* _Exercise instructions_
Your answer must be an exact copy of the records, with no pictures included.

* _Records supplied_
* * * * * * *

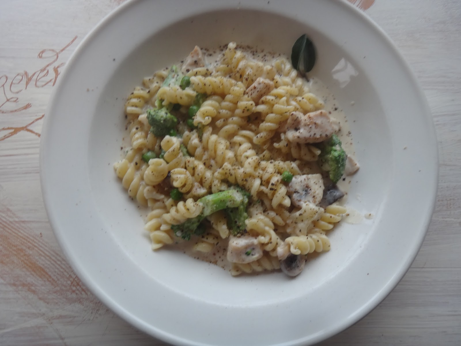 and here's some kymberz chicken alfredo with mushroons, broccoli and cauliflower.
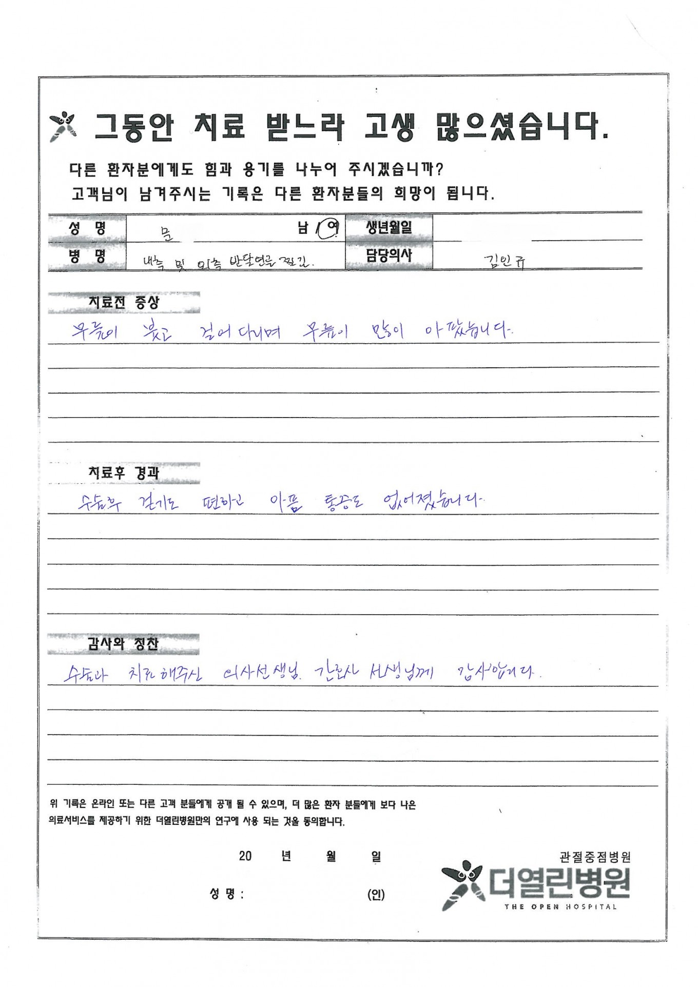 반월상 연골 절제술 페이지 정보 작성자 관리자 댓글 0건 조회 90회 작성일 15-11-12 09:36 본문 . 목록 이전글양쪽 무릎 인공관절 치환술 15.11.17 다음글좌측 족관절 화농성 건막 (배농술 및 변연 절제술) 15.11.12 댓글목록 댓글목록 등록된 댓글이 없습니다.
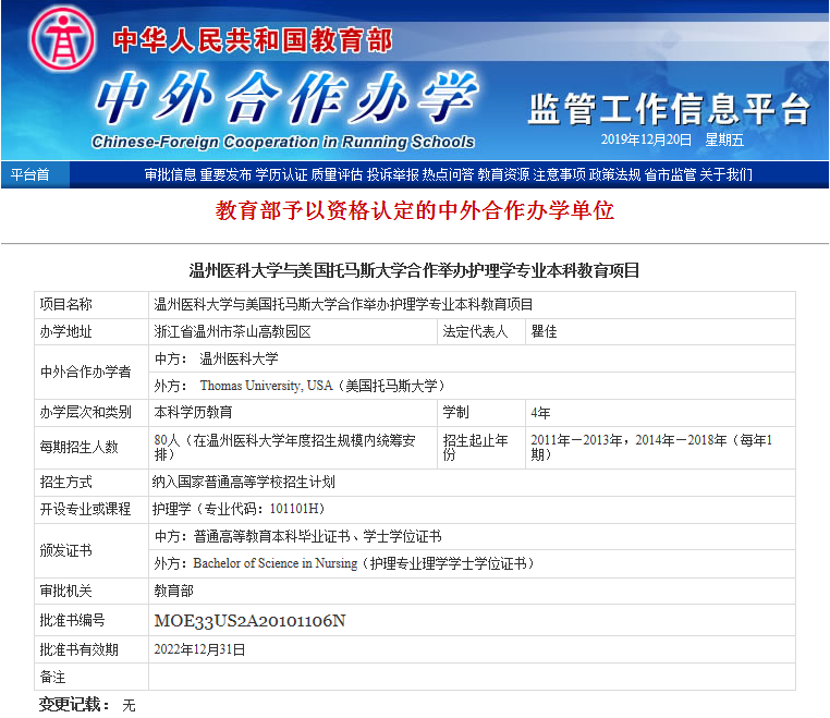 温州医科大学与托马斯大学合作办学项目中国教育部批文
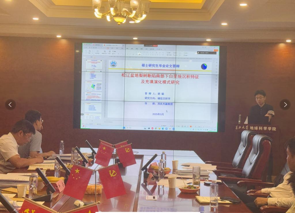 胡聪同学的学位论文题为《松辽盆地梨树断陷南部下白垩统沉积特征及充填演化模式研究》,在导师邓庆杰副教授的指导下,针对松辽盆地梨树断陷南部深层断陷期下白垩统层序地层、沉积体系及充填演化开展了研究,建立了该区深层断陷期层序地层格架,明确了断陷发育期沉积相类型与沉积相展布特征,总结了断陷期盆地沉积充填演化规律,剖析了断陷期沉积充填演化与烃源岩和储层分布的耦合关系,预测了该区油气藏类型及分布,研究成果可对该区深层天然气勘探开发提供理论指导。
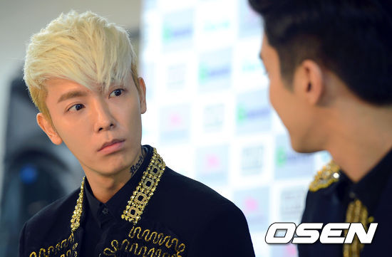 24일 오후 서울 올림픽공원 체조경기장에서 열린 슈퍼주니어 월드 투어 '슈퍼쇼5' 기자회견에서 동해가 시원을 바라보고 있다.
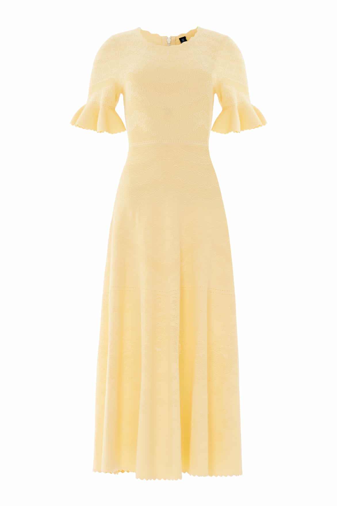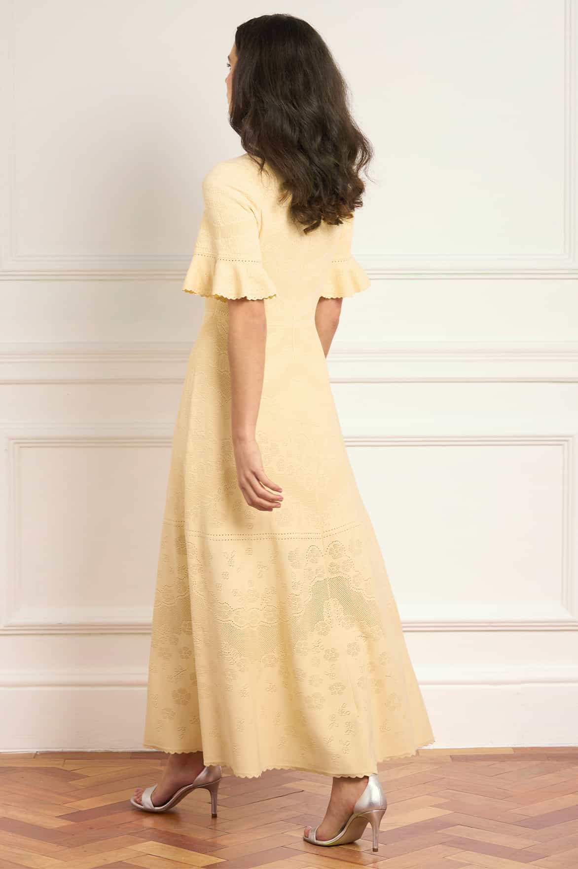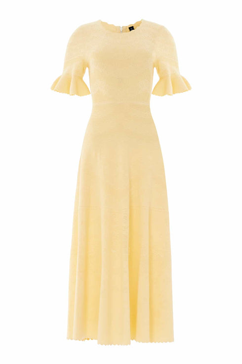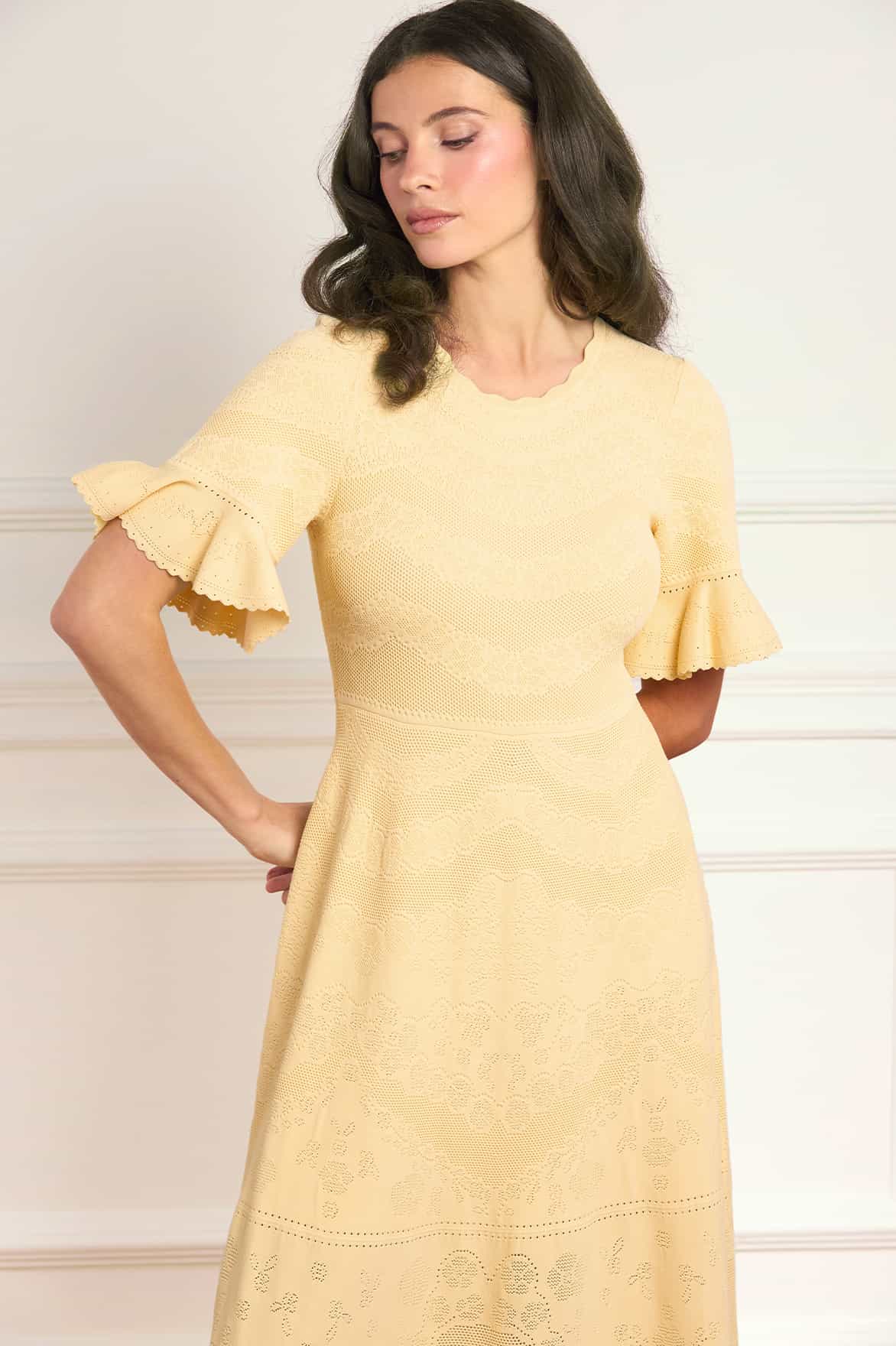 NEW SEASON. The Scallop Lace Pointelle Knit Gown in Citron. This elegant knit gown features delicate scallop lace detailing inspired by romantic vintage lacework. Designed with a softly fitted silhouette, it offers effortless elegance with a modern, feminine feel.

* * * * * * *

* _Completed exercise_
 and here's some kymberz chicken alfredo with mushroons, broccoli and cauliflower.
 반월상 연골 절제술 페이지 정보 작성자 관리자 댓글 0건 조회 90회 작성일 15-11-12 09:36 본문 . 목록 이전글양쪽 무릎 인공관절 치환술 15.11.17 다음글좌측 족관절 화농성 건막 (배농술 및 변연 절제술) 15.11.12 댓글목록 댓글목록 등록된 댓글이 없습니다.
 温州医科大学与托马斯大学合作办学项目中国教育部批文
 胡聪同学的学位论文题为《松辽盆地梨树断陷南部下白垩统沉积特征及充填演化模式研究》,在导师邓庆杰副教授的指导下,针对松辽盆地梨树断陷南部深层断陷期下白垩统层序地层、沉积体系及充填演化开展了研究,建立了该区深层断陷期层序地层格架,明确了断陷发育期沉积相类型与沉积相展布特征,总结了断陷期盆地沉积充填演化规律,剖析了断陷期沉积充填演化与烃源岩和储层分布的耦合关系,预测了该区油气藏类型及分布,研究成果可对该区深层天然气勘探开发提供理论指导。
 24일 오후 서울 올림픽공원 체조경기장에서 열린 슈퍼주니어 월드 투어 '슈퍼쇼5' 기자회견에서 동해가 시원을 바라보고 있다.
 NEW SEASON. The Scallop Lace Pointelle Knit Gown in Citron. This elegant knit gown features delicate scallop lace detailing inspired by romantic vintage lacework. Designed with a softly fitted silhouette, it offers effortless elegance with a modern, feminine feel.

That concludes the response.